--- EXERCISE OBJECTIVE ---
After locating the line that holds "哥玛兽:大回复+ +ATK芯", repeat it and each following line exactly until the material ends, skipping pictures.

--- GIVEN MATERIAL ---
------------------------

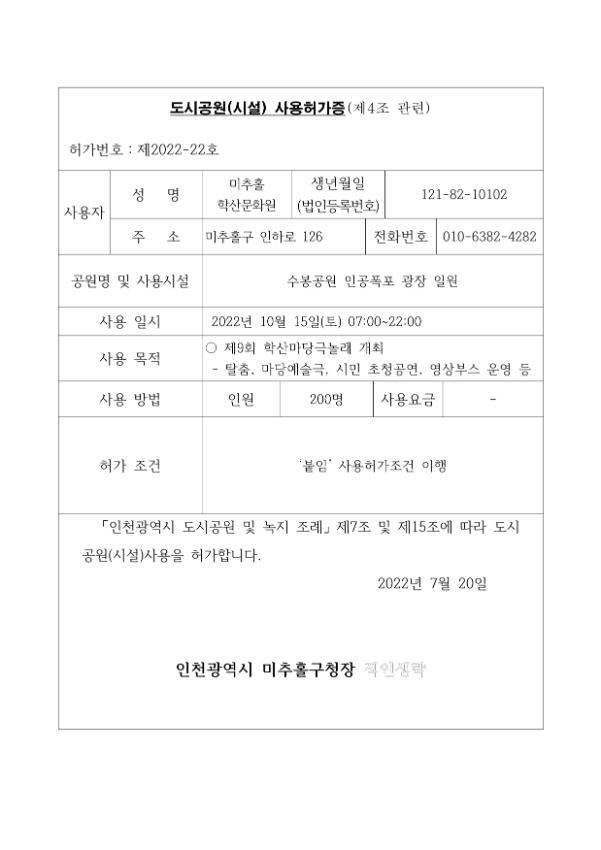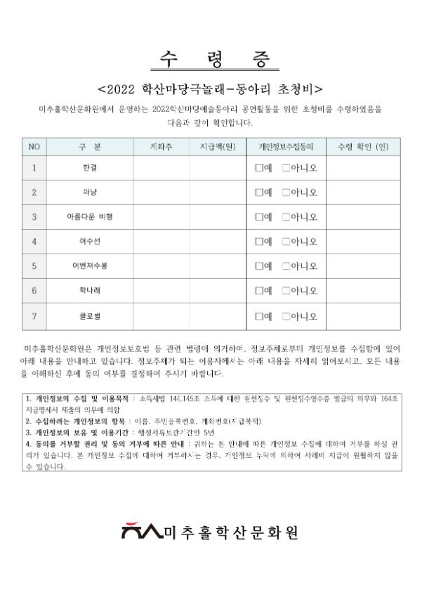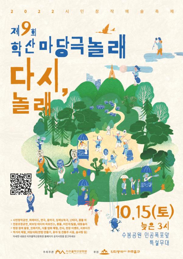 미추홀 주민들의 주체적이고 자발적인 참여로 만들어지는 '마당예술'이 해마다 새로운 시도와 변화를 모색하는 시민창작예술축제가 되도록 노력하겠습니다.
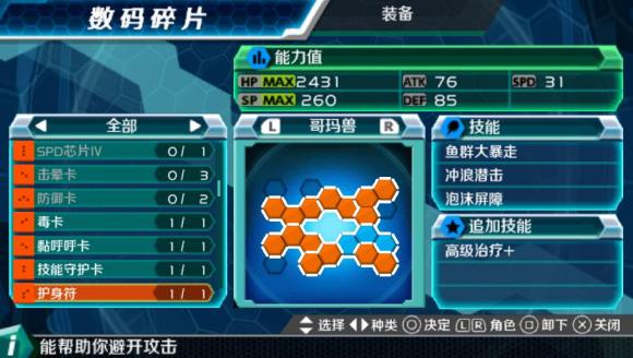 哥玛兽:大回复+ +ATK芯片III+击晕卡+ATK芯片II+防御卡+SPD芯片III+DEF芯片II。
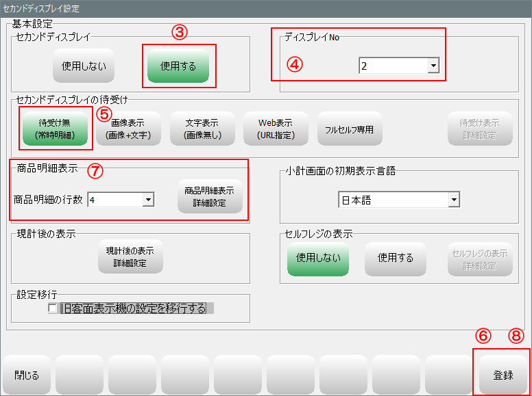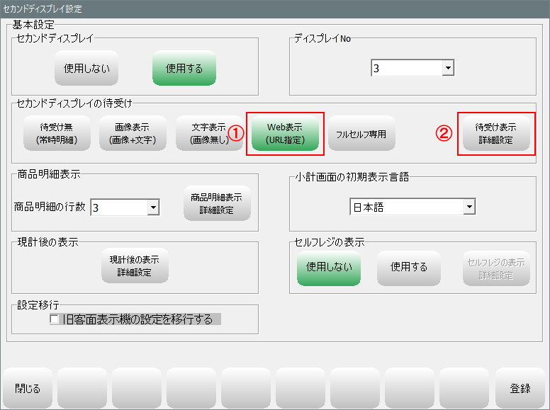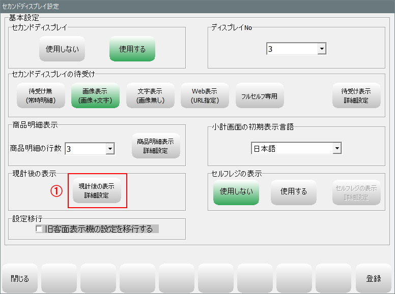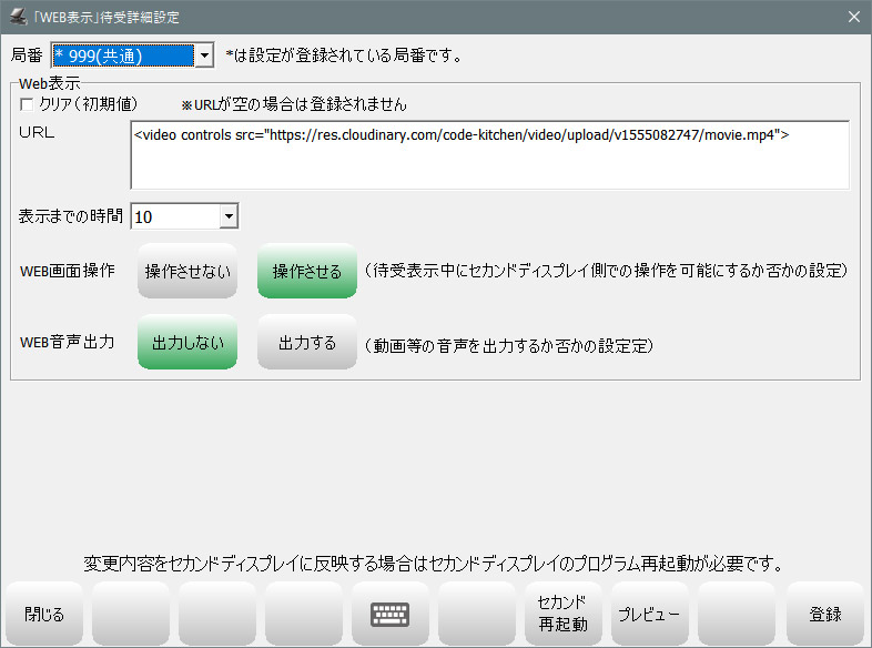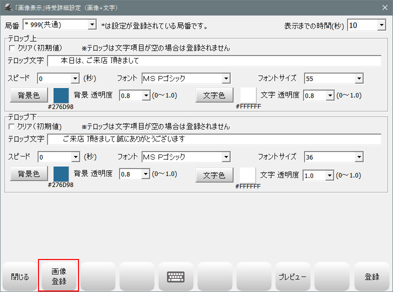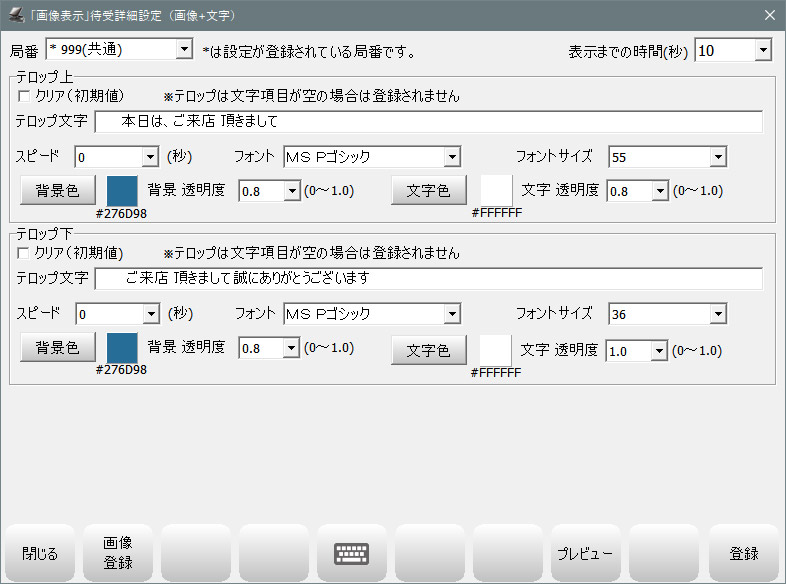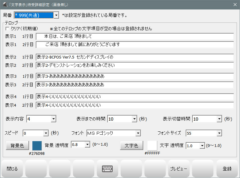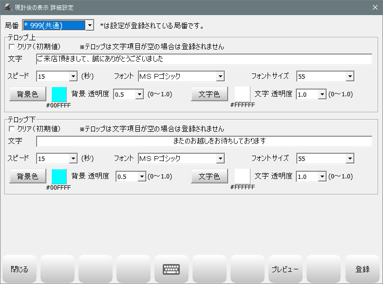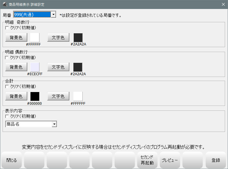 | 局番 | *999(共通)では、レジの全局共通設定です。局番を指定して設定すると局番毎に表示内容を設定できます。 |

------------------------

--- RESPONSE TO THE EXERCISE ---
 哥玛兽:大回复+ +ATK芯片III+击晕卡+ATK芯片II+防御卡+SPD芯片III+DEF芯片II。
 | 局番 | *999(共通)では、レジの全局共通設定です。局番を指定して設定すると局番毎に表示内容を設定できます。 |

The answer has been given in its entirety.